The Securities and Exchange Commission (SEC) is taking a broad look at oil and natural gas companies’ reserve accounting practices, sparked largely by recent disclosures of Royal Dutch/Shell Group and El Paso Corp. that they inflated their proven reserves.

The existence of the wide-ranging inquiry was revealed in a Wall Street Journal article Thursday, which SEC spokesman John Heine told Daily GPI was essentially factual.

He declined to say whether producers, other than Royal Dutch/Shell and El Paso, will receive inquiries about their reserve accounting practices from the SEC’s enforcement division.

“I can’t speculate at all what is going to happen in any particular industry,” Heine said. “I don’t have any advice for them [energy producers].”

The Independent Petroleum Association of America, which represents independent producers, plans to alert its members about the shift in SEC policy, which is causing the agency to examine entire industries for the sins of a few, said spokesman Jeff Eshelman.

In a major departure from its past practice, the SEC is opening broad investigations into entire industries and sectors when a red flag goes up at a single company — even if there is no proof of industrywide wrongdoing, the WSJ reported.
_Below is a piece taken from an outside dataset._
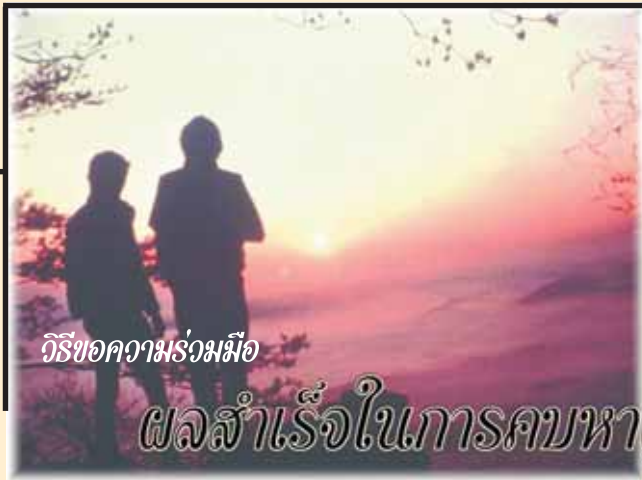
วิถีขอความร่วมมือ

โดยมอบทางเลือกเสมอ และให้เป็นไปด้วยความสมัครใจ ถ้าหากเป็นไปได้

In addition to producers’ reserve accounting practices, the agency also is reportedly examining executive compensation in the high-technology sector, accounting practices in the videogame and food-service businesses and derivatives transactions used to hedge or potentially disguise stock sales by corporate insiders, the newspaper said.

Known within the agency as “wildcatting” — the oil industry’s term for drilling in unproven areas — the practice is part of the SEC’s attempt to aggressively anticipate and possibly head off problems before they erupt into full-scale scandals, sources said.

Critics contend that companies who have done nothing wrong would be unfairly swept up into these inquiries. The SEC “is not doing fishing expeditions,” Heine countered. “It’s important to keep this in mind.”